◆ Your objective ◆
For this exercise, retype each line of the material below verbatim and omit any picture.

____________

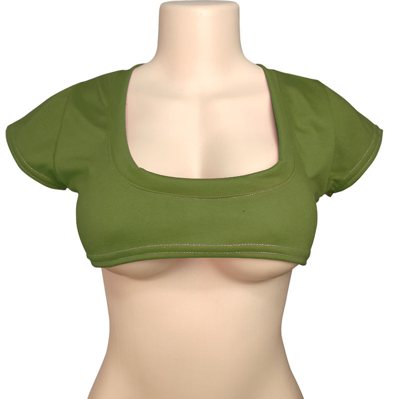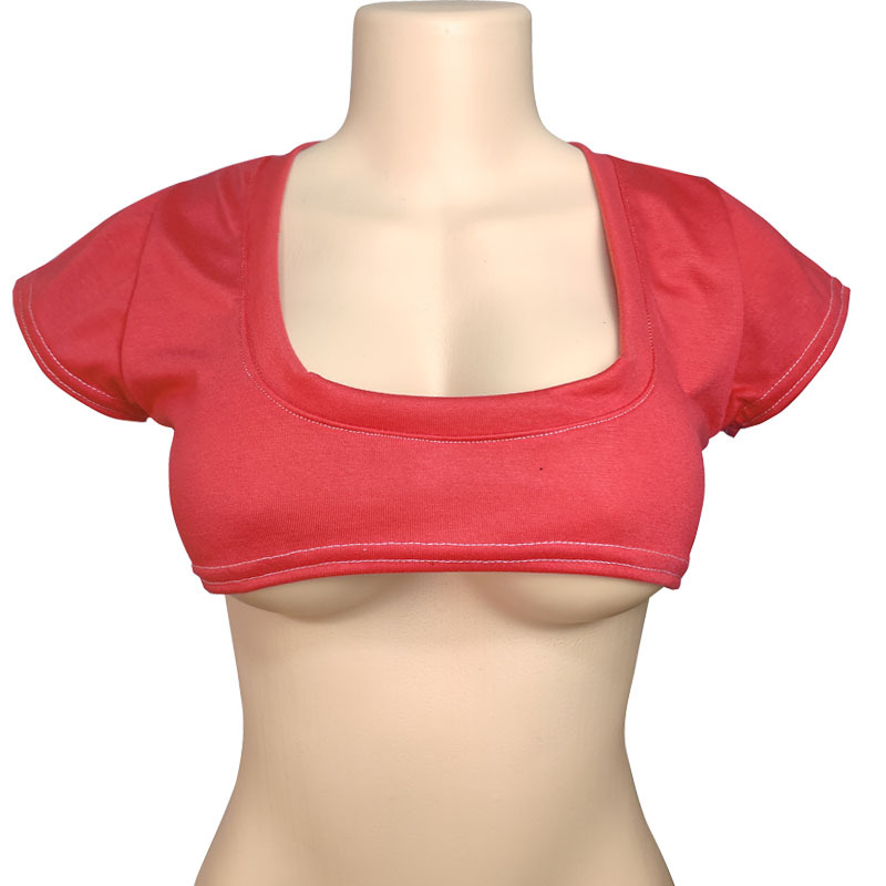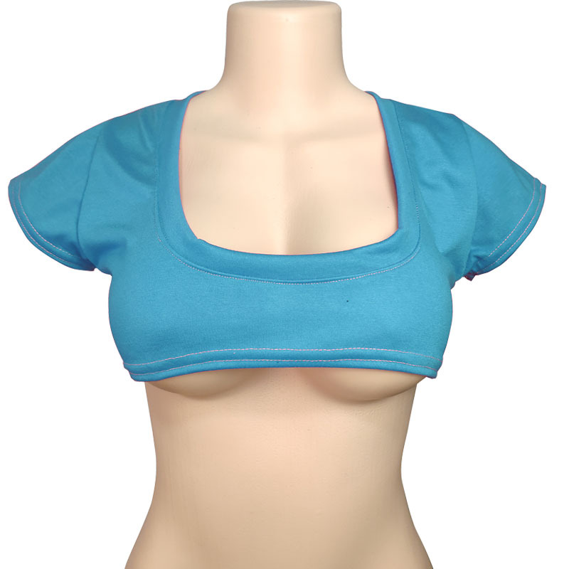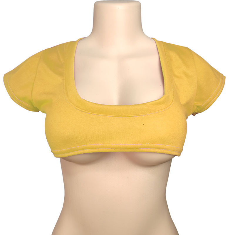 2026跨境二次元纯色半乳短T恤可爱日系性感T恤女短袖露脐T恤漏乳
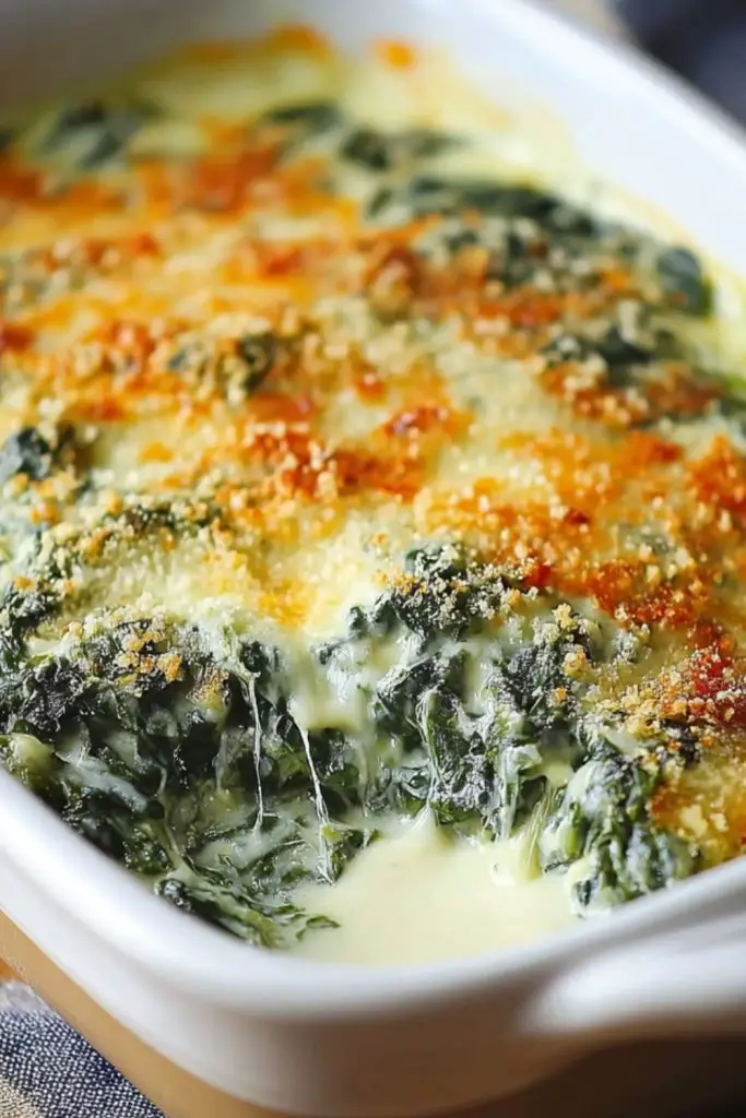 This spinach casserole works beautifully as a make-ahead dish. You can assemble it a day in advance and refrigerate it until ready to bake. If you’re reheating leftovers, a quick 10-15 minutes in a 350°F oven will restore its crispy top and creamy center. Feel free to swap out cheddar for Gruyère or mozzarella if you prefer a different cheese profile, and you can also mix in a bit of cream cheese for extra richness.
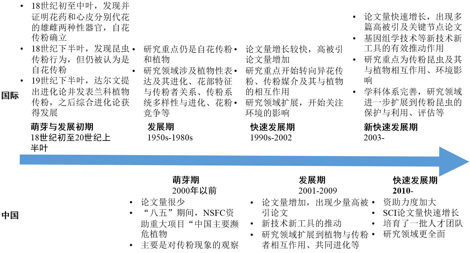 我國(guó)傳粉昆蟲(chóng)研究員起步較晚,主要包括:1)萌芽期(2000年前);2)發(fā)展期(2001-2009年);3)快速發(fā)展期(2010年以后)。我國(guó)傳粉生物學(xué)領(lǐng)域的發(fā)展歷程如圖5所示,國(guó)內(nèi)外的發(fā)展歷程比較如圖6所示。
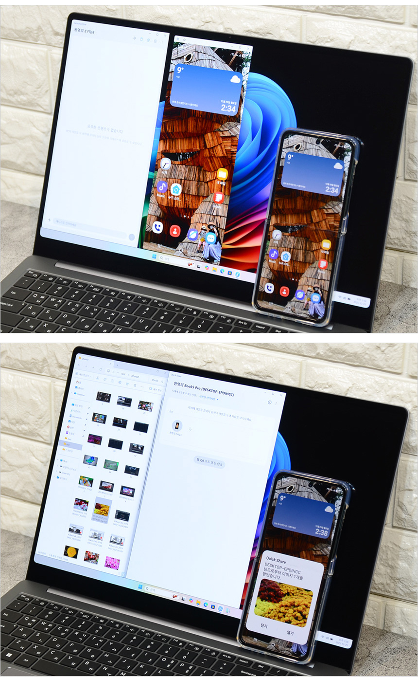 삼성 플로우를 사용하면 노트북에서 스마트폰을 컨트롤 할 수 있으며 무선으로 스마트폰과 간단하게 사진이나 영상, 파일을 전송할 수 있는 Quick Share를 지원해 유용하게 활용할 수 있다. 뿐만 아니라 태블릿과 연결해 화면을 공유할 수 있는 Second Screen을 통해 작업 효율성을 높일 수 있다.
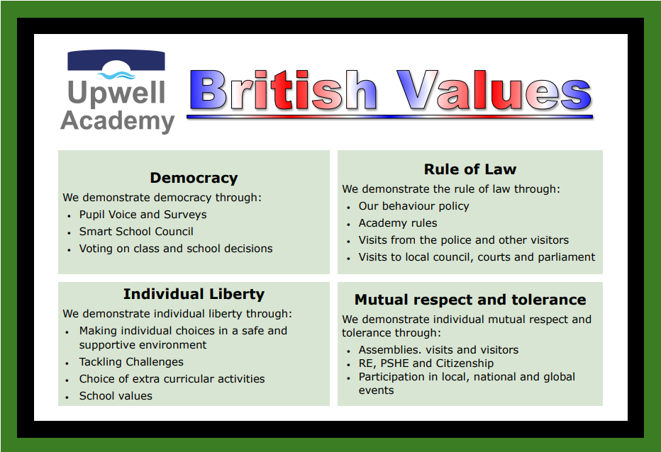 At Upwell Academy, we help prepare our pupils to live confidently and respectfully in modern Britain. We proudly promote the five British Values, as defined by the Department for Education:
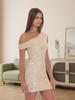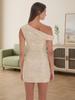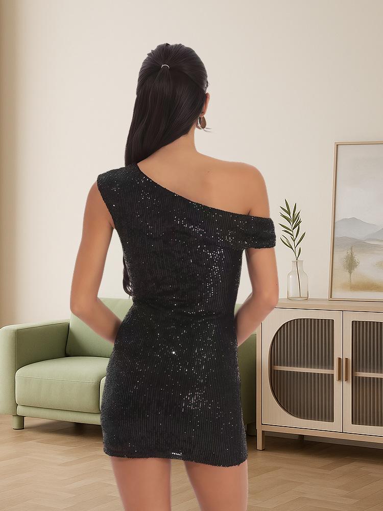 Nuevo vestido corto ajustado de verano estilo socialité europeo y americano, temperamento elegante, sexy, con lentejuelas y cuentas, un hombro, ceñido a las caderas
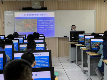 谢茜茜同学的教学的内容是PPT的制作。谢茜茜同学台风优秀,对于ppt的制作过程讲解的清晰有序,最后引导学生一步步进行任务的完成。在学生完成任务期间,谢茜茜到台下观察学生的完成情况。最后,所有学生都按时完成了任务,结束了这一场公开课。

____________

◆ Written solution ◆
 2026跨境二次元纯色半乳短T恤可爱日系性感T恤女短袖露脐T恤漏乳
 This spinach casserole works beautifully as a make-ahead dish. You can assemble it a day in advance and refrigerate it until ready to bake. If you’re reheating leftovers, a quick 10-15 minutes in a 350°F oven will restore its crispy top and creamy center. Feel free to swap out cheddar for Gruyère or mozzarella if you prefer a different cheese profile, and you can also mix in a bit of cream cheese for extra richness.
 我國(guó)傳粉昆蟲(chóng)研究員起步較晚,主要包括:1)萌芽期(2000年前);2)發(fā)展期(2001-2009年);3)快速發(fā)展期(2010年以后)。我國(guó)傳粉生物學(xué)領(lǐng)域的發(fā)展歷程如圖5所示,國(guó)內(nèi)外的發(fā)展歷程比較如圖6所示。
 삼성 플로우를 사용하면 노트북에서 스마트폰을 컨트롤 할 수 있으며 무선으로 스마트폰과 간단하게 사진이나 영상, 파일을 전송할 수 있는 Quick Share를 지원해 유용하게 활용할 수 있다. 뿐만 아니라 태블릿과 연결해 화면을 공유할 수 있는 Second Screen을 통해 작업 효율성을 높일 수 있다.
 At Upwell Academy, we help prepare our pupils to live confidently and respectfully in modern Britain. We proudly promote the five British Values, as defined by the Department for Education:
 Nuevo vestido corto ajustado de verano estilo socialité europeo y americano, temperamento elegante, sexy, con lentejuelas y cuentas, un hombro, ceñido a las caderas
 谢茜茜同学的教学的内容是PPT的制作。谢茜茜同学台风优秀,对于ppt的制作过程讲解的清晰有序,最后引导学生一步步进行任务的完成。在学生完成任务期间,谢茜茜到台下观察学生的完成情况。最后,所有学生都按时完成了任务,结束了这一场公开课。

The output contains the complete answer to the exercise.